What is Venture Capital (VC)?
Venture capital is a financing type where investors invest money in startups that have the potential to grow over the long term but are still in their early stages. Most of the time, seasoned investors that have supported businesses for a considerable amount of time (10+ years) offer venture capital. Although most of their investments are in the form of money, they also provide founders with strategic mentorship, technical and managerial advice and strategies. As many startups, especially in invention tech, are started by young entrepreneurs, they need guidance across many startup operations. A venture capitalist mentors them across these operations and helps them optimize operations, build a strong business model and scale, generating more revenue. They provide the founders with venture capital funding in return for the equity in their business. The capital helps them develop their product if they are in the initial stage, and for established startups, it allows them to hire a team, invest in marketing and scale the business.
How is venture capital a better alternative to structured loans?
Structured loans from banks are one of the conventional ways to finance a business. The founders must repay the principal amount and the levied interest and probably need to put something as collateral to secure the loan. Banks often don’t understand the startup’s business model and reject their applications. They also look at revenue streams to determine whether the company would be able to pay them back. But most startups, especially the ones in their early stage, don’t have established operations or revenue models, which is a big no for banks. Therefore venture capital offers a much better alternative for financing a startup. Here are some points that highlight why VC funding is a better alternative to structured loans.
Larger capital amounts
One of the major advantages of venture funding is the possibility of raising larger capital amounts. It can be challenging for an early-age startup to qualify for small business loans, while many startups may receive $5 million or less in VC funding.

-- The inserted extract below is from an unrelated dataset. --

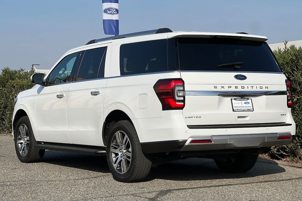 Lithia Ford and Lincoln of Fresno is pleased to offer this Oxford White 2024 Ford Expedition Max Limited for purchase, this vehicle is well equipped with many features including: Equipment Group 301A Mid Package, 2nd Row Power-Folding 40/20/40 Leather Bench Seat, 12 Speakers, 3.31 Axle Ratio, 3rd row seats: split-bench, 4-Wheel Disc Brakes, ABS brakes, Adjustable pedals, Air Conditioning, Alloy wheels, AM/FM radio: SiriusXM with 360L, Auto High-beam Headlights, Auto-dimming door mirrors, Auto-dimming Rear-View mirror, Automatic temperature control, Brake assist, Bumpers: body-color, Compass, Delay-off headlights, Driver door bin, Driver vanity mirror, Dual front impact airbags, Dual front side impact airbags, Electronic Stability Control, Emergency communication system: SYNC 4 911 Assist, Exterior Parking Camera Rear, Four wheel independent suspension, Front anti-roll bar, Front Bucket Seats, Front Center Armrest, Front dual zone A/C, Front fog lights, Front License Plate Bracket, Front reading lights, Fully automatic headlights, Garage door transmitter, Heated & Ventilated Leather Front Captains Chairs, Heated door mirrors, Heated front seats, Heated rear seats, Heated steering wheel, Illuminated entry, Leather steering wheel, Low tire pressure warning, Memory seat, Navigation system: Connected Navigation, Occupant sensing airbag, Outside temperature display, Overhead airbag, Overhead console, Panic alarm, Passenger door bin, Passenger vanity mirror, Pedal memory, Power door mirrors, Power driver seat, Power Liftgate, Power moonroof, Power passenger seat, Power steering, Power windows, Radio data system, Radio: B&O Sound System by Bang & Olufsen, Rain sensing wipers, Rear air conditioning, Rear anti-roll bar, Rear reading lights, Rear window defroster, Rear window wiper, Reclining 3rd row seat, Remote keyless entry, Security system, SiriusXM w/360L, Speed control, Speed-sensing steering, Speed-Sensitive Wipers, Split folding rear seat, Spoiler, Steering wheel memory, Steering wheel mounted audio controls, SYNC 4 w/Enhanced Voice Recognition, Tachometer, Telescoping steering wheel, Tilt steering wheel, Traction control, Trip computer, Turn signal indicator mirrors, Variably intermittent wipers, Ventilated front seats, Voltmeter, and Wheels: 20 Bright Machined Aluminum. RWD EcoBoost 3.5L V6 GTDi DOHC 24V Twin Turbocharged 10-Speed Automatic Limited

However, seed-stage enterprises can access venture financing for as little as $100,000, while more established businesses can access more than $25 million. Additionally, entrepreneurs have a propensity to raise venture capital multiple times, giving companies access to significant sums of money that would be otherwise impossible to obtain, especially from a bank.
No monthly payments
One major issue with structured loans is the monthly payments. When you receive a loan from a bank, you have to pay them monthly installments of a fixed amount, including the interest and some chunk of the principal amount. A VC firm will invest in your company in exchange for equity. That means your company won’t be required to make monthly payments, unlike personal or small business loans. As a result, your business will have more working capital to reinvest in developing your products, expanding your workforce, or growing your business operations.
Experienced mentorship and leadership
After exiting their companies, many successful startup founders join venture capital firms as partners. These people have prior business growth, problem-solving, and financial performance monitoring experience. As a result, they can serve as essential leadership resources for the businesses in which they have investments.
Receive help to acquire future funding rounds
VC firms are eager to see your company obtain more money at a greater valuation because it raises their ROI. They can expose you to other firms and VC investors that will be better able to help you in the future and offer more funding. Venture capital firms frequently reserve the right to participate in subsequent investment rounds and often provide extra funding as your company expands.
Thanks to the thriving startup ecosystem in India, numerous top VC firms are operating and offering capital for budding startups. Founders must weigh the benefits and make the right decision between VC funding and structured loans to ensure the best growth of their company.